“Seven – Os Sete Crimes Capitais” é a obra-prima de David Fincher

Escolher a obra-prima de David Fincher é uma tarefa difícil porque em sua filmografia o cineasta conseguiu imprimir originalidade em tantos títulos com a sua fórmula única de contar histórias, mas sempre que o diretor é citado logo vem em mente dois clássicos dele, “Clube da Luta” e “Seven – Os Sete Crimes Capitais”. Recentemente o diretor resgatou o gênero de suspense com primor ao adaptar “Garota Exemplar” (um dos meus preferidos de todos os tempos) de Gillian Flynn para os cinemas.

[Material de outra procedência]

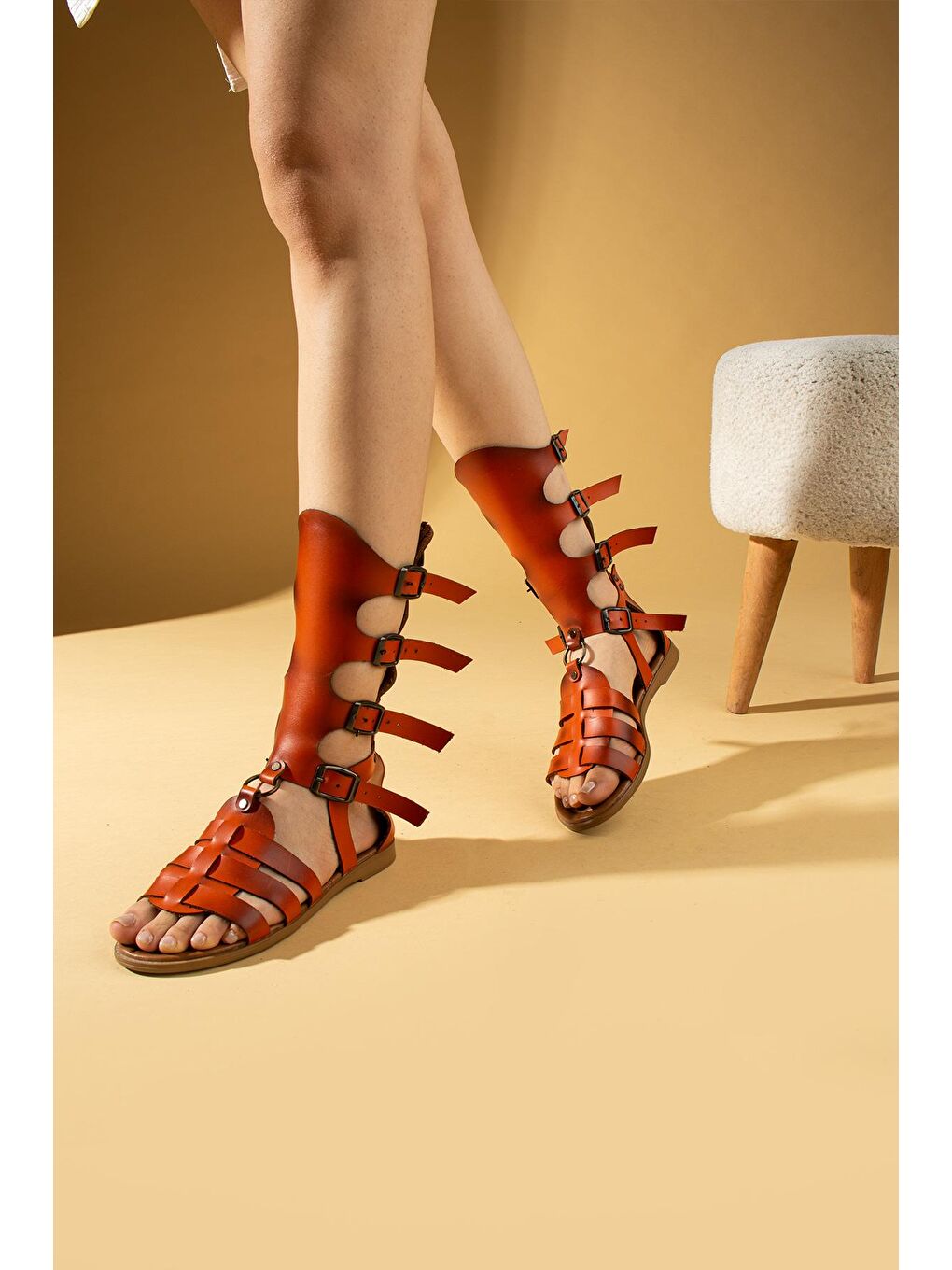 صندل زنانه گلادیو مدل Gladio با 4 سگک جلو باز و زیپدار و راحت، نارنجی، 51-0403-24
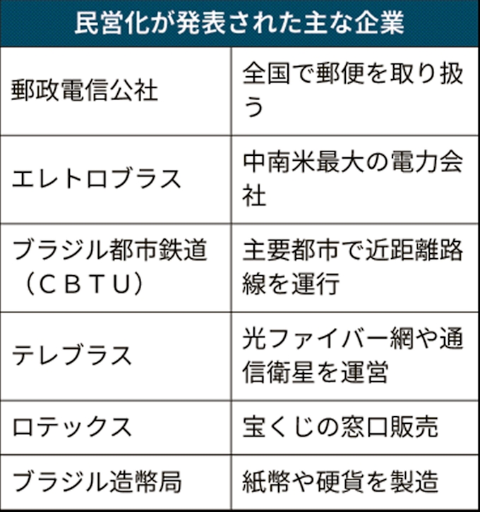 ブラジル政府 国営 国有企業17社を年内に民営化 日本経済新聞
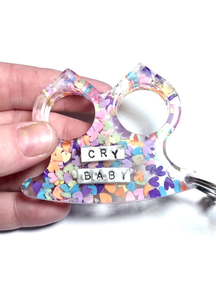 Hand poured, extra hard resin with pastel heart sprinkles set inside. These self defense keychains are extra special, with a tiny handmade metal charms set inside. Its durables made with love and feels tough in your hand.
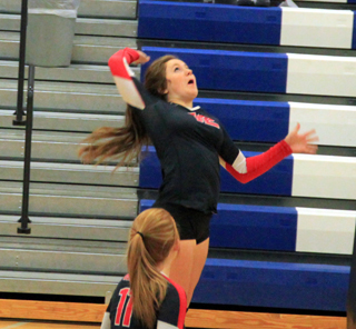 Jordyn Higgins had the biggest serving run of the game with 5 straight aces to take the score from 8-3 to 13-3. C.V. actually scored the first point in the second game but that was their only lead as Angela Wemhoff served Prairie to a 4-1 lead as Josie Peery scored a pair of kills and Wemhoff added a back row kill. Sydney Bruner added 2 jump serve aces while Kristyna Krogh added 3 to push the lead to 12-3. Alexis Shears came off the bench late in the game to serve 4 straight points, 3 of them aces with Theresa Wemhoff adding a kill that pushed the lead to 23-9. Peery served the game-winning ace. In the final game Bruner served 5 straight aces to turn a slim 4-3 lead into a 9-3 lead. Alexis Hiler added 5 aces over two turns at the service line covering 7 serves. For the match Peery had 13 kills and an ace. Leah Higgins had 6 kills, including a block, 1 assist and 1 ace. Angela Wemhoff had 4 kills and 4 aces. Madison Pecarovich had 3 kills, 11 assists and 2 aces. Jordyn Higgins had 3 kills and 5 aces. Krogh had 2 kills, 16 assists and 5 aces. Theresa Wemhoff had 2 kills and 2 aces. Alexis Hiler had 1 kill and 8 aces. Bruner had 7 aces and Alexis Shears had 3 aces. The JV team also won all three games by scores of 25-23, 25-21 and 15-2. The first game saw Prairie fall behind 2-6 buy they came back to tie it on a bricked serve followed by a 3-point service run by India Peery. She had an ace while Emma Gehring scored a pair of kills. Prairie took back the lead with Anna Vinsova serving. She had 2 aces with Sierra McWilliams and Sabrina Lustig each adding a kill as Prairie took an 11-7 lead. Prairie held on to the lead until C.V. rallied to take a 19-20 lead. A kill by Ellea Poxleitner quickly tied it and Prairie took back the lead on a pair of aces by Vinsova. C.V. took back the lead at 22-23 but a kill by Lustig tied it. Then with McWilliams serving, Lustig added another kill and Gehring then scored the game winner. In the second game prairie got off to a hot start as Madison Hinkelman served 6 straight points for an 8-1 lead. She had 4 aces with Ashton Landers and Vinsova each adding a kill. Prairie maintained a solid lead until late in the game when C.V. rallied to pull within 2 at 23-21. At that point Hinkelman scored a sideout kill and with Lustig serving, Vinsova scored the match-winning kill. The third game was all Peery at the service line. Hope Schwartz scored a sideout kill to tie the game at 2-2 and send Peery back to serve. C.V. never got to serve again as Peery served out the match. Of her 13 straight points, 11 were aces with Hinkelman and Halle Klapprich scoring kills for the other two points. The C team also won all 3 games. The
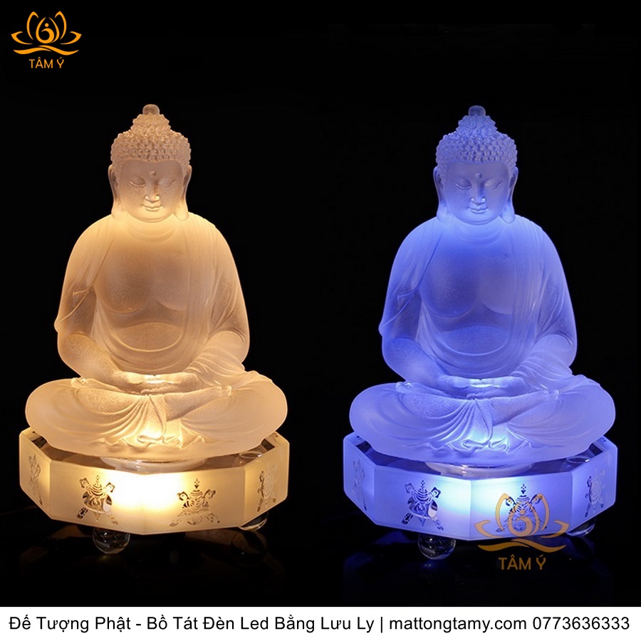 |Rộng 21cm| Đế Tượng Phật - Bồ Tát Có Đèn Led Chạy Điện Trực Tiếp Và Bằng Lưu Ly Cao Cấp Nhiều Màu Sắc Lựa Chọn, Thiết Kế Sang Trọng TP222
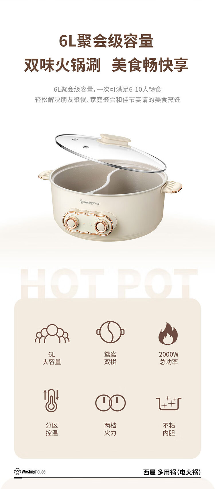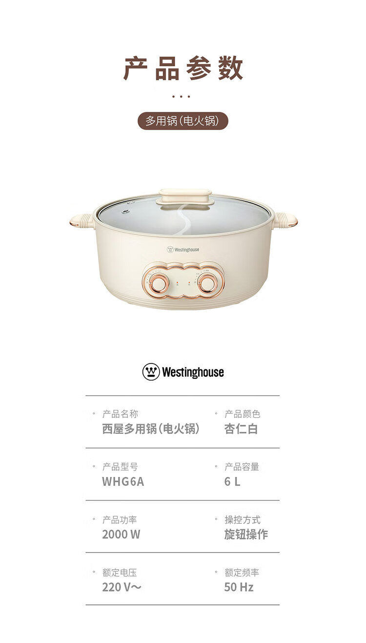 商品名称:西屋 Westinghouse 电火锅 WHG6A 6L

Em ”Seven: Os Sete Crimes Capitais”, dois policiais, o jovem e impetuoso David Mills (Brad Pitt) e o outro maduro e prestes a se aposentar, William Somerset (Morgan Freeman), são encarregados de uma perigosa investigação: encontrar um serial killer que mata as pessoas seguindo a ordem dos sete pecados capitais.

A premissa é simples, mas a execução é impressionante porque além de sua atmosfera sombria, que explora a crueldade de um serial killer, também consegue transmitir todo um ambiente inóspito, que está sempre chuvoso, associado ao momento de desesperança de uma cidade devastada pelo crime.

O modus operandi do assassino sádico em questão, se baseia nos sete pecados capitais: gula; cobiça; preguiça; luxúria; vaidade; inveja e ira.

É impressionante como a história é bem amarrada, fazendo com que você fique o tempo inteiro conectado para conferir o chocante desfecho que ficou marcado na história do cinema.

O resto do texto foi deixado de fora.